Department of Obstetrics and Gynaecology, University of British Columbia, Vancouver, BC, Canada.
Placenta. 2010 Mar;31(3):213-21. doi: 10.1016/j.placenta.2009.12.011. Epub 2010 Jan 18.
Extravillous cytotrophoblast (EVT) migration, invasion and endovascular differentiation are regulated by a variety of growth factors, cytokines and adhesion molecules. Decidual natural killer cells (dNK) and their secreted cytokines probably modulate these processes. In this study, we used dNK-derived conditioned medium (dNK-CM) to investigate whether or not (i) dNK-CM was able to enhance capillary tube and network formation of an EVT cell line, HTR8/SVneo, on Matrigel, (ii) PI3K/AKT pathway and p38 MAPK pathway activation were involved, and (iii) HTR8/SVneo surface ICAM-1 played a role in the process of HTR8/SVneo endovascular differentiation. The results demonstrated that HTR8/SVneo constitutively form 'vascular' tubes and networks after culture on Matrigel. dNK-CM enhanced and maintained tube and network formation, acquiring an endothelium-like angiogenic morphology followed by increased VEGF-C production. HTR8/SVneo cell expression level of VE-cadherin, PECAM-1, VCAM-1 and alphavbeta3 was unaltered by dNK-CM, whereas ICAM-1 expression level was increased. Anti-human ICAM-1 blocking antibody inhibited HTR8/SVneo migration and partially reversed dNK-CM-mediated enhancement of HTR8/SVneo tube and network formation. PI3K/AKT and p38 MAPK pathways were activated in dNK-CM-mediated enhancement of HTR8/SVneo tube and network formation. The PI3K/AKT and p38 MAPK pathway inhibitors (LY294002 and SB202190, respectively) decreased dNK-CM-stimulated ICAM-1 induction, HTR8/SVneo migration, and reversed tube and network formation. The results suggest that dNK cell-secreted growth factors and cytokines participate in the regulation of HTR8/SVneo endothelium-like tube formation. Adhesion molecules, particularly ICAM-1, expressed on EVT may participate in the process. To our knowledge, this is the first report of a role for ICAM-1 in EVT angiogenesis, as previously reported for endothelial cells.
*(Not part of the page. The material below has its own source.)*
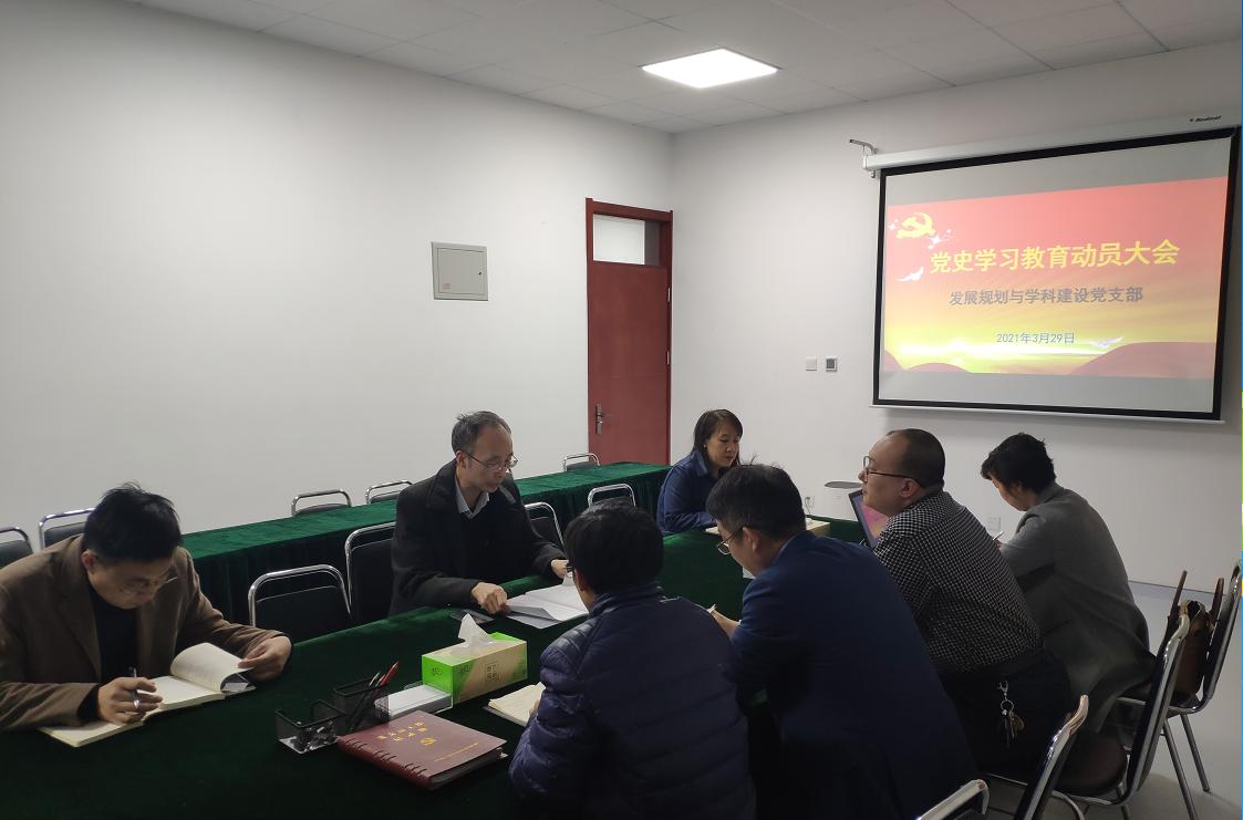 3月29日下午,发展规划与学科建设党支部在明德楼229会议室召开党史学习教育动员会并举行第一次集体学习。支部书记汪明栋主持会议并做动员讲话,支部全体党员干部参加会议。

滋养细胞外绒毛 (EVT) 的迁移、浸润和血管内分化受多种生长因子、细胞因子和黏附分子的调控。蜕膜自然杀伤细胞 (dNK) 及其分泌的细胞因子可能调节这些过程。在这项研究中,我们使用 dNK 衍生的条件培养基 (dNK-CM) 来研究 dNK-CM 是否能够:(i) 增强 EVT 细胞系 HTR8/SVneo 在 Matrigel 上的毛细血管管和网络形成;(ii) 是否涉及 PI3K/AKT 通路和 p38 MAPK 通路的激活;(iii) HTR8/SVneo 表面的 ICAM-1 是否在 HTR8/SVneo 血管内分化过程中发挥作用。结果表明,HTR8/SVneo 在 Matrigel 上培养后可自发形成“血管”管和网络。dNK-CM 增强并维持管和网络的形成,获得类似内皮的血管生成形态,随后 VEGF-C 的产生增加。dNK-CM 不改变 HTR8/SVneo 细胞 VE-钙黏蛋白、PECAM-1、VCAM-1 和 alphavbeta3 的表达水平,但增加 ICAM-1 的表达水平。抗人 ICAM-1 阻断抗体抑制 HTR8/SVneo 的迁移,并部分逆转 dNK-CM 介导的 HTR8/SVneo 管和网络形成的增强。PI3K/AKT 和 p38 MAPK 通路在 dNK-CM 介导的 HTR8/SVneo 管和网络形成的增强中被激活。PI3K/AKT 和 p38 MAPK 通路抑制剂(分别为 LY294002 和 SB202190)降低了 dNK-CM 刺激的 ICAM-1 诱导、HTR8/SVneo 的迁移,并逆转了管和网络的形成。结果表明,dNK 细胞分泌的生长因子和细胞因子参与了 HTR8/SVneo 内皮样管形成的调节。黏附分子,特别是 EVT 上表达的 ICAM-1,可能参与这一过程。据我们所知,这是首次报道 ICAM-1 在 EVT 血管生成中的作用,此前已在血管内皮细胞中报道过。